(WHAT IS REQUIRED): Below this line is a listing that includes pictures. Copy exactly, and only, the lines from the one containing "If you’re looking" through the one containing "ЮНЭКО Студент Мехейкин..."; the pictures do not go in the copy.

(DATA SHOWN):
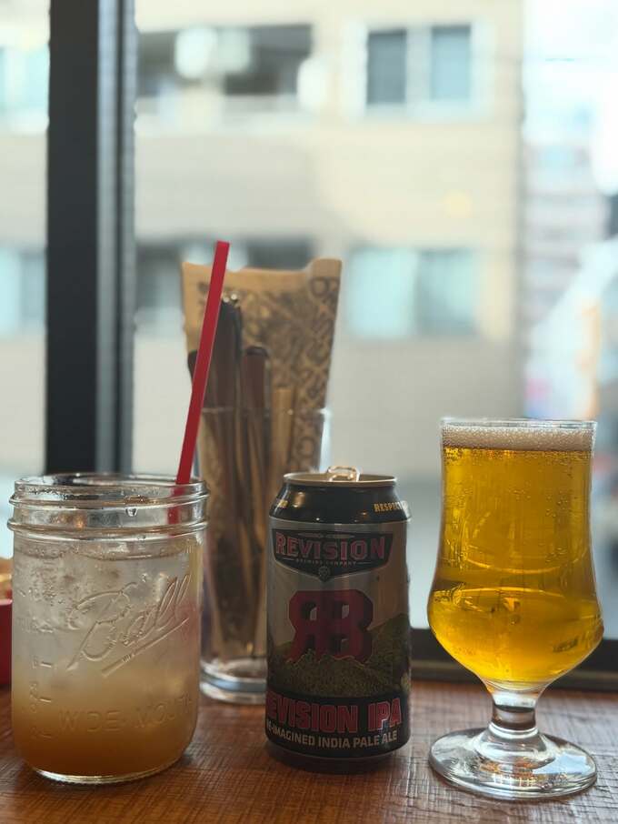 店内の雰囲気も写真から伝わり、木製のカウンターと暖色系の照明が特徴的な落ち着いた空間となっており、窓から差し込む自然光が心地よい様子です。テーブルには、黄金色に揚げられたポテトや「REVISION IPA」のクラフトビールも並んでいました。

==

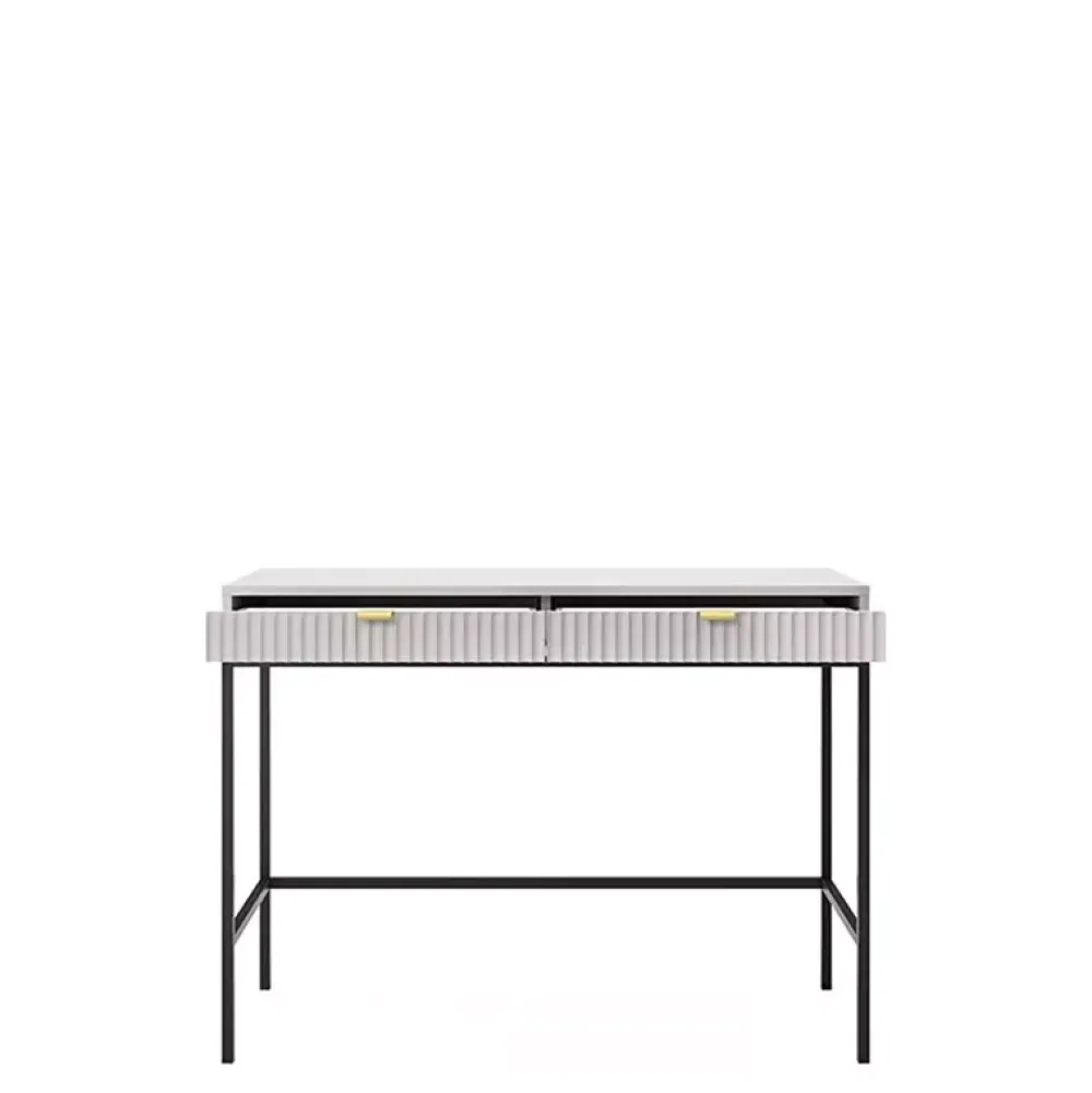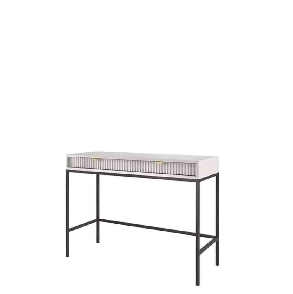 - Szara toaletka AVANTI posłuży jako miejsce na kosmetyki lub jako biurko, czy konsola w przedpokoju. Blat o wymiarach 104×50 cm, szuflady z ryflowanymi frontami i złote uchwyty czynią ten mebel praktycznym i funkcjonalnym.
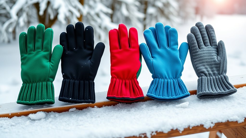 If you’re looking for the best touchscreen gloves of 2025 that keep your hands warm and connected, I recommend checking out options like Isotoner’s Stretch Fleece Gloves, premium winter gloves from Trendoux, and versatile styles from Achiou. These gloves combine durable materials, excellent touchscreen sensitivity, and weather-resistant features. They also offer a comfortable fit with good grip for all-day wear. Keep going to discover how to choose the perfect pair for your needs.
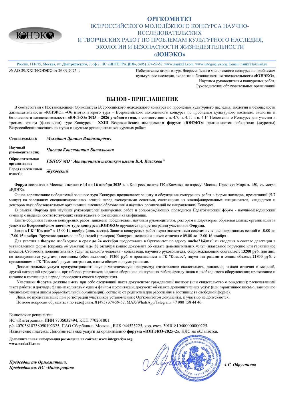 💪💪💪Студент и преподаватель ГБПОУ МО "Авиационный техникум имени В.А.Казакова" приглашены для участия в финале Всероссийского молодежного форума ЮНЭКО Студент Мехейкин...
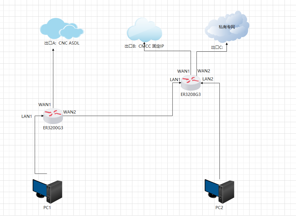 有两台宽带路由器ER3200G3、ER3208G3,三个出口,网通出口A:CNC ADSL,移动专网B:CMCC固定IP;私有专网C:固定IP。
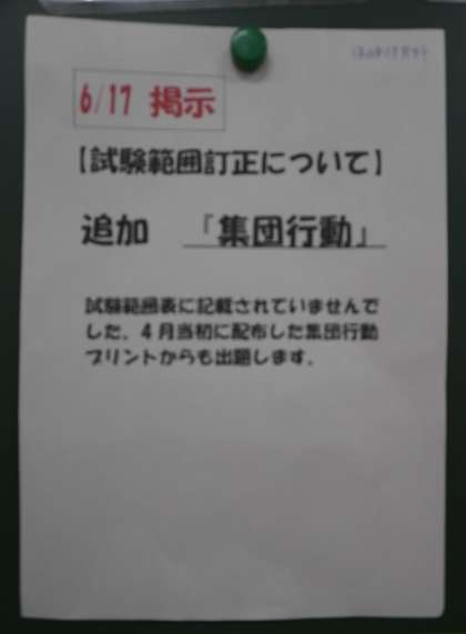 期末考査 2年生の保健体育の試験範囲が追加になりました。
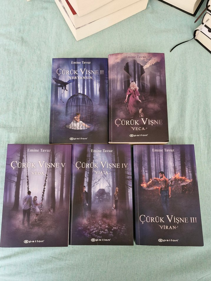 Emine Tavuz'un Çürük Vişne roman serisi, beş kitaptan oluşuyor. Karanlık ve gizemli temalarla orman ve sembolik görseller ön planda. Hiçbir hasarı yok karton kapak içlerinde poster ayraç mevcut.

...

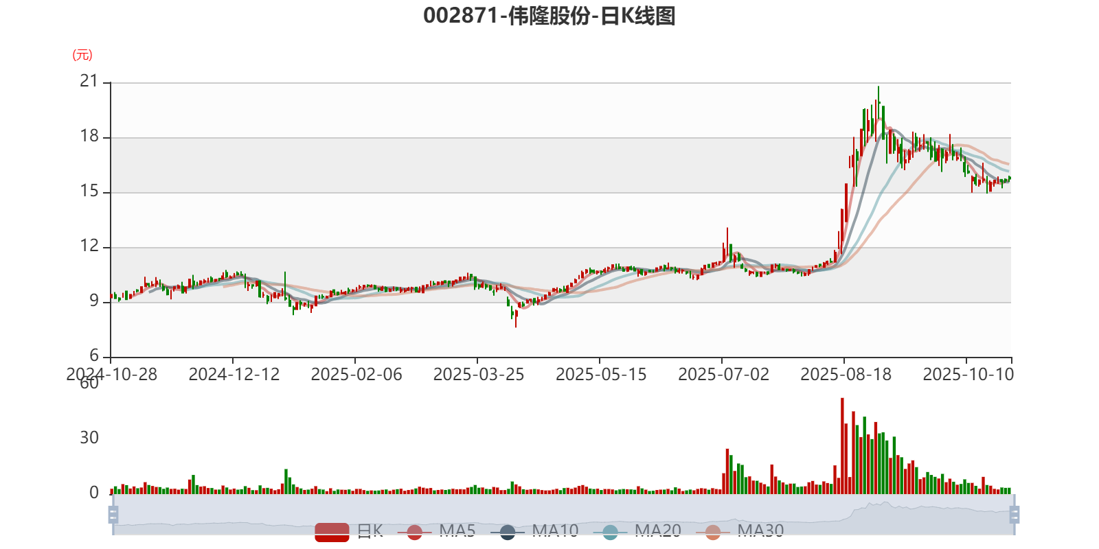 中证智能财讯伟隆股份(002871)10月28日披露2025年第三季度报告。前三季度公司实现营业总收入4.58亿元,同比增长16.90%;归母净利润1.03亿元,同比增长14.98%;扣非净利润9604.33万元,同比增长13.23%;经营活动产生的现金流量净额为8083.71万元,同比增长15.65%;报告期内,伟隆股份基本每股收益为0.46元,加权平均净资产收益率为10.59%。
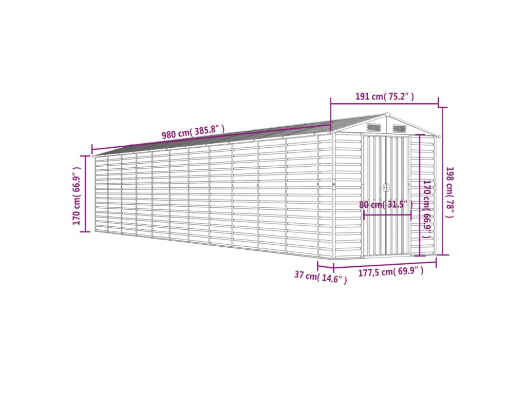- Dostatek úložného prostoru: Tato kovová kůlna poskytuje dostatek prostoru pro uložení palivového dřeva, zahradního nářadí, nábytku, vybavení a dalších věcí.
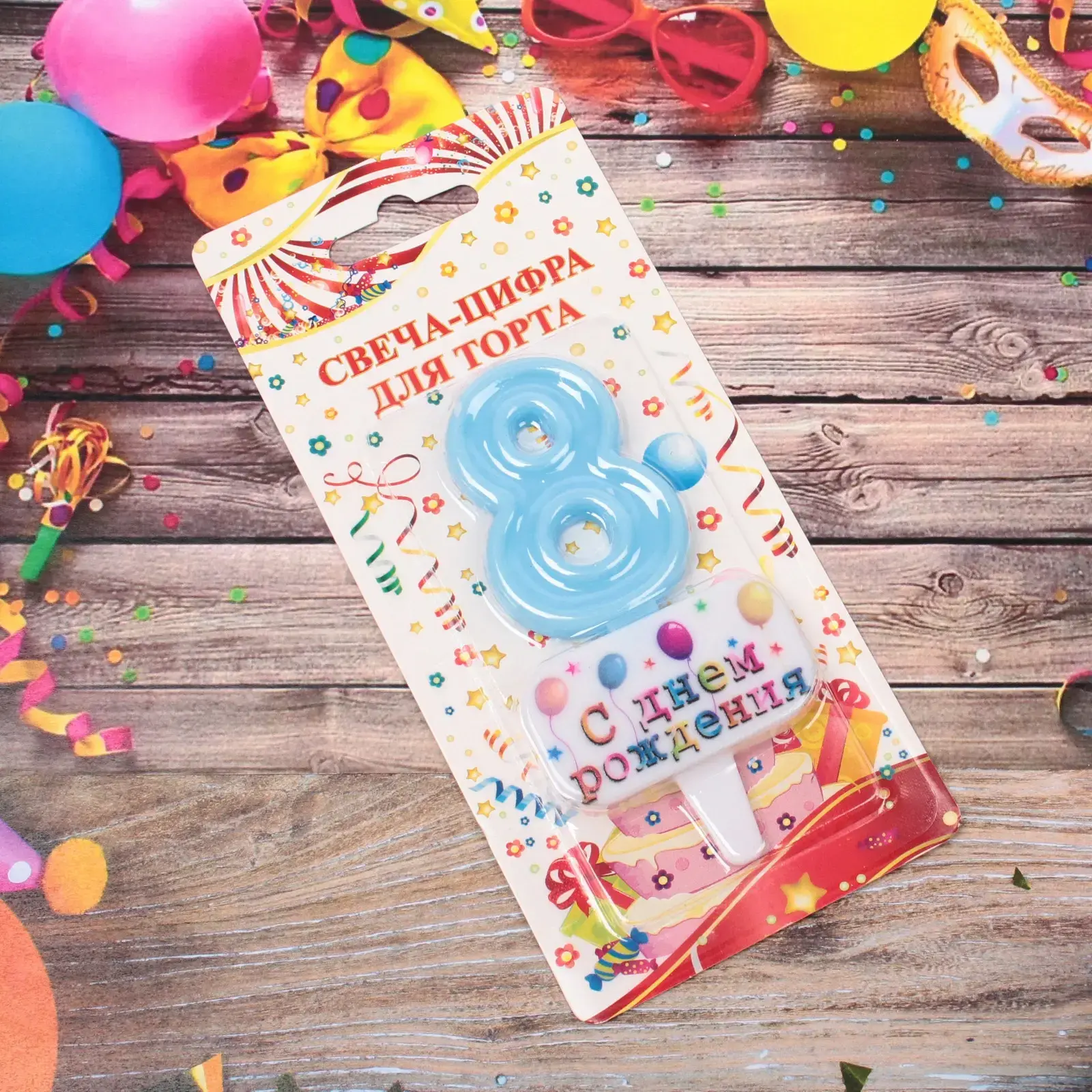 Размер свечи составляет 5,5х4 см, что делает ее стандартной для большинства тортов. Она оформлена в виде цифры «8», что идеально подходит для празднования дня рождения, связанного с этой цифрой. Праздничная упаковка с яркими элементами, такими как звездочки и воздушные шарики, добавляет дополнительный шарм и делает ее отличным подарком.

(WRITTEN SOLUTION):
 If you’re looking for the best touchscreen gloves of 2025 that keep your hands warm and connected, I recommend checking out options like Isotoner’s Stretch Fleece Gloves, premium winter gloves from Trendoux, and versatile styles from Achiou. These gloves combine durable materials, excellent touchscreen sensitivity, and weather-resistant features. They also offer a comfortable fit with good grip for all-day wear. Keep going to discover how to choose the perfect pair for your needs.
 💪💪💪Студент и преподаватель ГБПОУ МО "Авиационный техникум имени В.А.Казакова" приглашены для участия в финале Всероссийского молодежного форума ЮНЭКО Студент Мехейкин...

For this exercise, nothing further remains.